++++ Source data
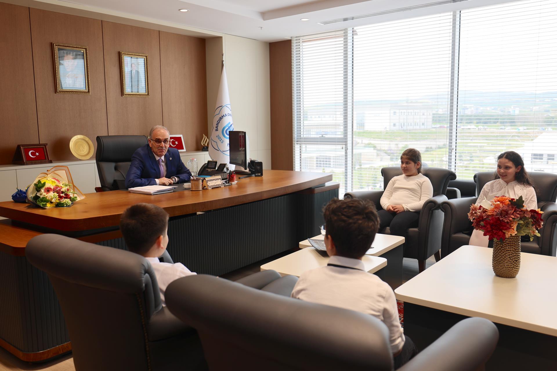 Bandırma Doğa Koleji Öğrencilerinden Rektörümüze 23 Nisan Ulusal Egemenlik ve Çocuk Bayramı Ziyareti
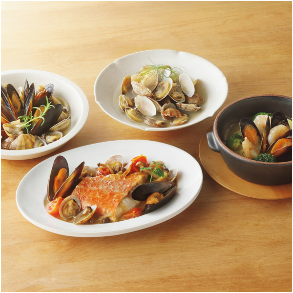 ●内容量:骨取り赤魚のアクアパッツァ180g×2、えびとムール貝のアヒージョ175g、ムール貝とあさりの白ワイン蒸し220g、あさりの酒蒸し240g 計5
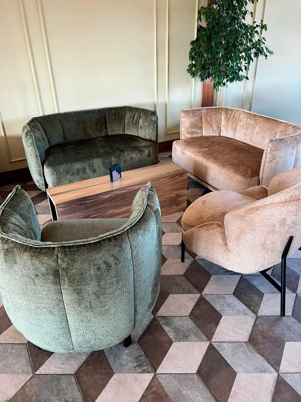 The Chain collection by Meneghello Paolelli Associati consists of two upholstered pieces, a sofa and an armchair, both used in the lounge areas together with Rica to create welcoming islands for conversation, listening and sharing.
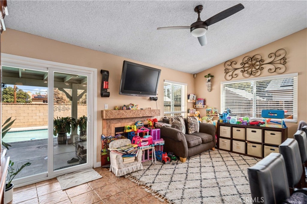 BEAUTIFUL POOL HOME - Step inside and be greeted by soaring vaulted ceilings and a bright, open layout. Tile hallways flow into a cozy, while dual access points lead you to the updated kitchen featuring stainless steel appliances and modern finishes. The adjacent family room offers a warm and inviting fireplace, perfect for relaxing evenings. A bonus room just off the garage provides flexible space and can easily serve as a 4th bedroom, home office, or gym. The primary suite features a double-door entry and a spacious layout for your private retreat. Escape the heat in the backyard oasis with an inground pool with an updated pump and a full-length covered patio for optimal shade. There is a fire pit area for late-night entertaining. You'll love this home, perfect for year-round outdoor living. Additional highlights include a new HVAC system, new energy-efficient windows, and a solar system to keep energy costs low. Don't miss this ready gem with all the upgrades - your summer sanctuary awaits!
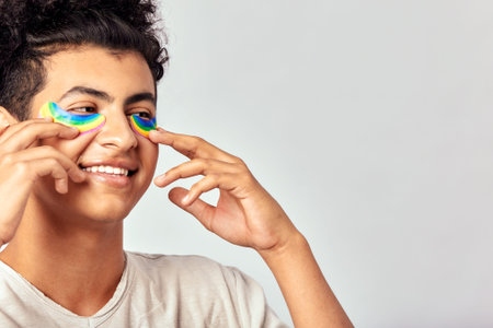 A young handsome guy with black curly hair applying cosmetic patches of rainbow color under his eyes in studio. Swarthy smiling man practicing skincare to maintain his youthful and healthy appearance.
++++++++
● What the task requires
Give again, word for word, every line from the top of the data above to the line holding "The Chain collection", inclusive, with the pictures left out.

● Written answer
 Bandırma Doğa Koleji Öğrencilerinden Rektörümüze 23 Nisan Ulusal Egemenlik ve Çocuk Bayramı Ziyareti
 ●内容量:骨取り赤魚のアクアパッツァ180g×2、えびとムール貝のアヒージョ175g、ムール貝とあさりの白ワイン蒸し220g、あさりの酒蒸し240g 計5
 The Chain collection by Meneghello Paolelli Associati consists of two upholstered pieces, a sofa and an armchair, both used in the lounge areas together with Rica to create welcoming islands for conversation, listening and sharing.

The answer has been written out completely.